Exercise requirements:
Print the lines that run from the line with "16 Nisan referandum" to the line with "酒店大堂吧里的网红大汉堡是B", keeping both end lines, exactly as they appear in the entries below, and nothing else.

Given information:

—————

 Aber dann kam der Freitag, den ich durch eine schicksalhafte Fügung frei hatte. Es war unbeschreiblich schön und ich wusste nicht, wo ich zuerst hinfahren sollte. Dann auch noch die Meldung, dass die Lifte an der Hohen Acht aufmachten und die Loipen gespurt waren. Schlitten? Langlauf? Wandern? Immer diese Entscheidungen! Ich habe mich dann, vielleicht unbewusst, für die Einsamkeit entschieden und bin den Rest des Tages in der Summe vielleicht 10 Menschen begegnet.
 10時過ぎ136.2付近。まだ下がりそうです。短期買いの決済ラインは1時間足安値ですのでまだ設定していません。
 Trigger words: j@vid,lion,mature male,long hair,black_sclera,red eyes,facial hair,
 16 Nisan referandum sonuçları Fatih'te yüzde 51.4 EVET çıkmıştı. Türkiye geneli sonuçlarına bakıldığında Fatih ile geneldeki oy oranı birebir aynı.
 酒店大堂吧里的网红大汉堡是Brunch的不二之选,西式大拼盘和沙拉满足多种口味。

—————

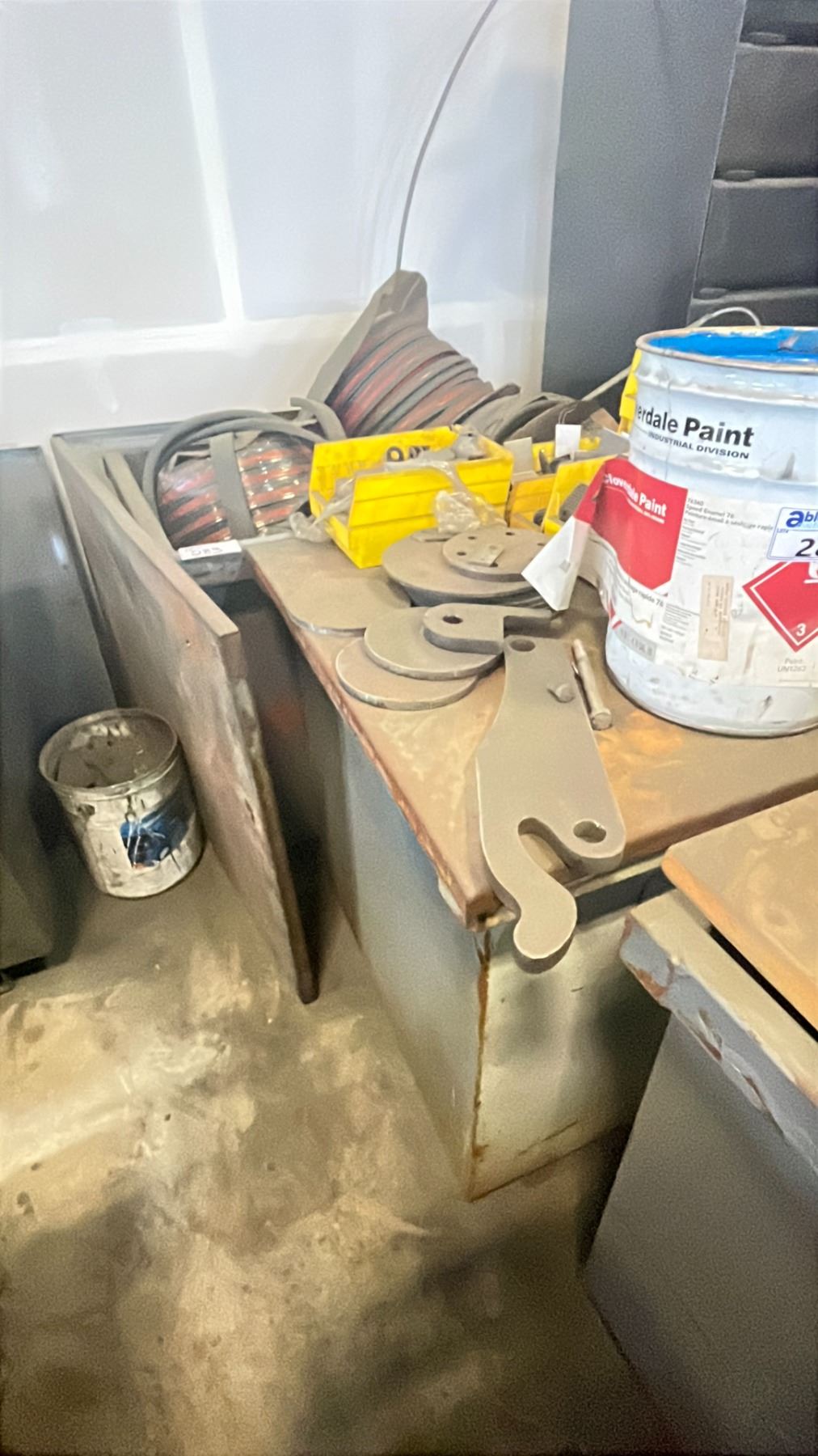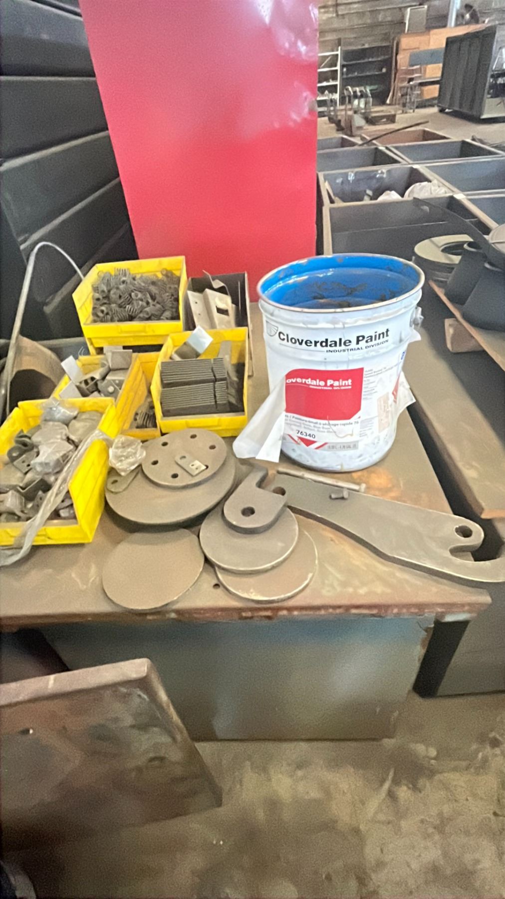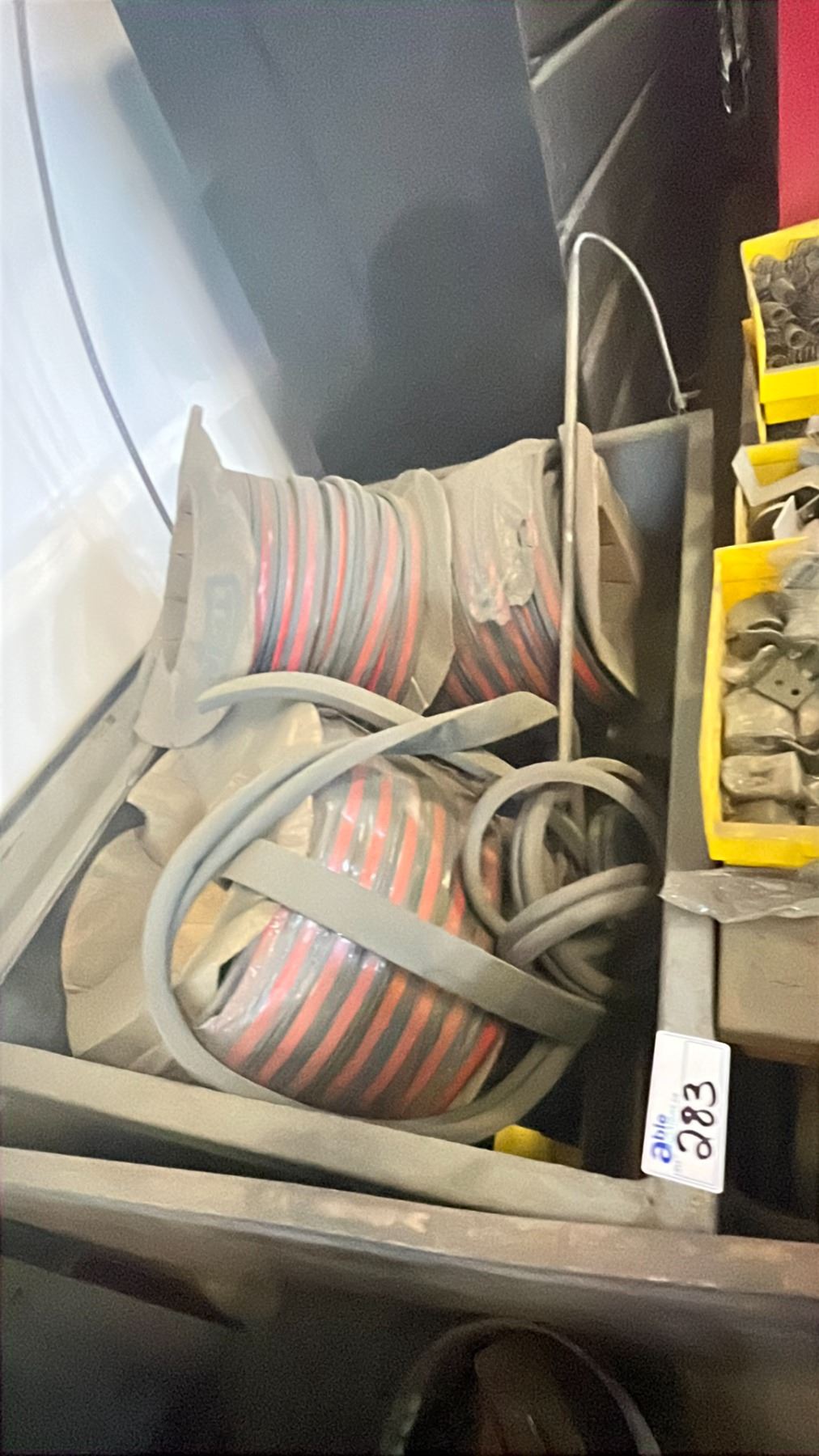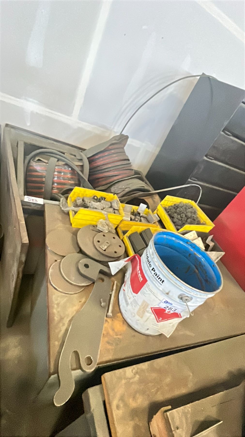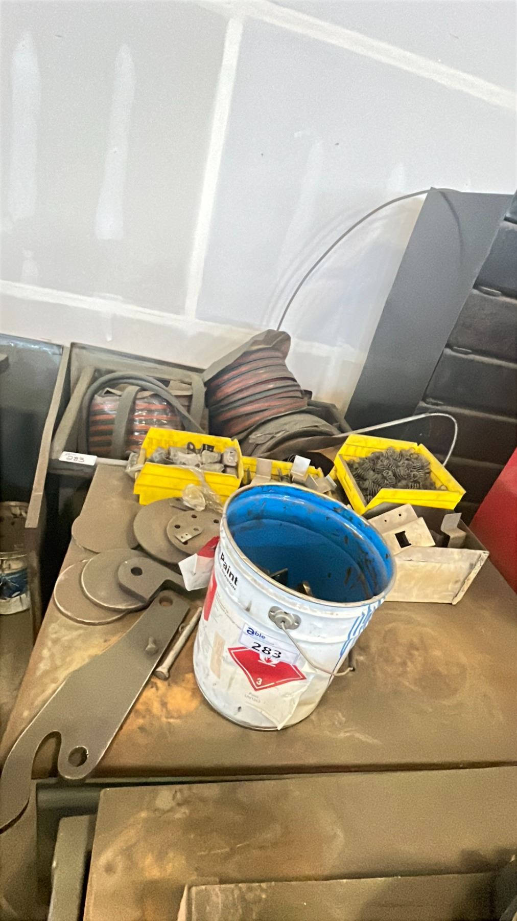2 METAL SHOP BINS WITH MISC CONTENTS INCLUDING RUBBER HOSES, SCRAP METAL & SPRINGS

—————

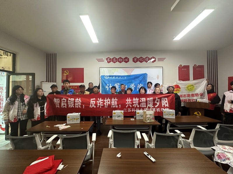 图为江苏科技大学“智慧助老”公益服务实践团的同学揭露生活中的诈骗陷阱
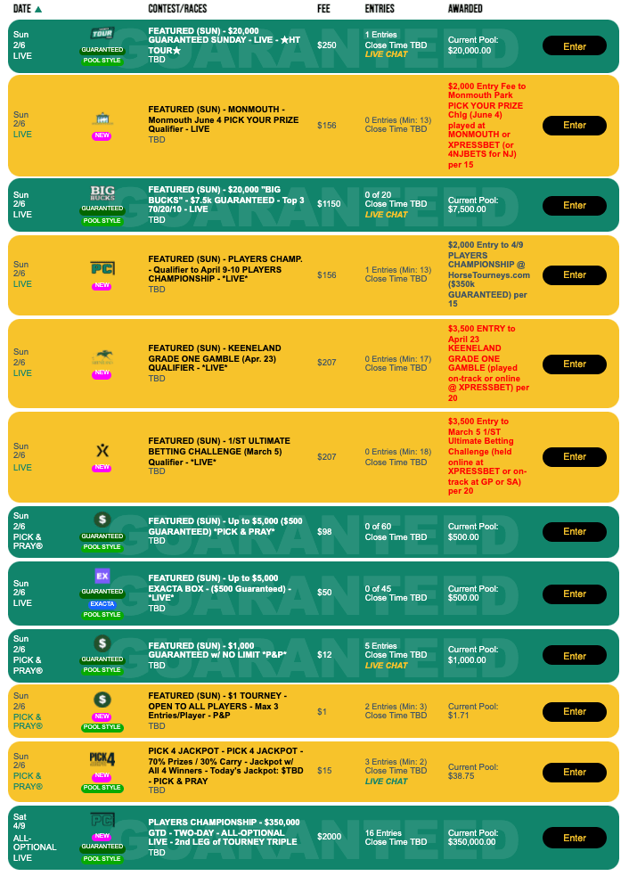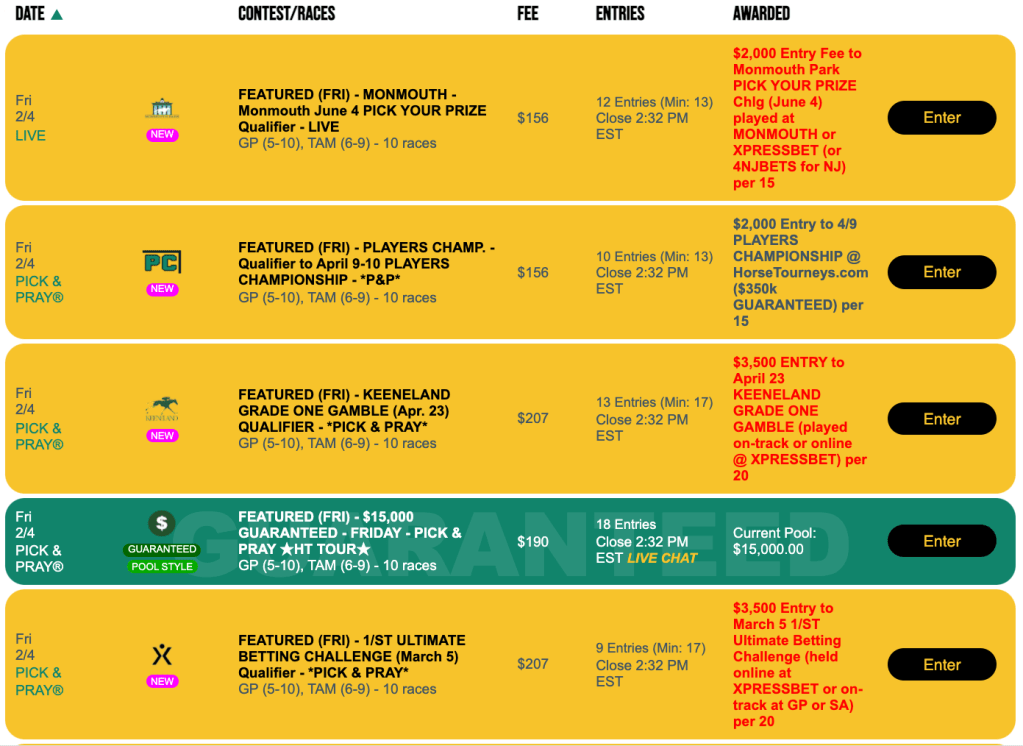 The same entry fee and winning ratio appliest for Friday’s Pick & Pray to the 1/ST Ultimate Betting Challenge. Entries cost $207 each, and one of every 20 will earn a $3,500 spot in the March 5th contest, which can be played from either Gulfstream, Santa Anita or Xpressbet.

—————

Response box:
 16 Nisan referandum sonuçları Fatih'te yüzde 51.4 EVET çıkmıştı. Türkiye geneli sonuçlarına bakıldığında Fatih ile geneldeki oy oranı birebir aynı.
 酒店大堂吧里的网红大汉堡是Brunch的不二之选,西式大拼盘和沙拉满足多种口味。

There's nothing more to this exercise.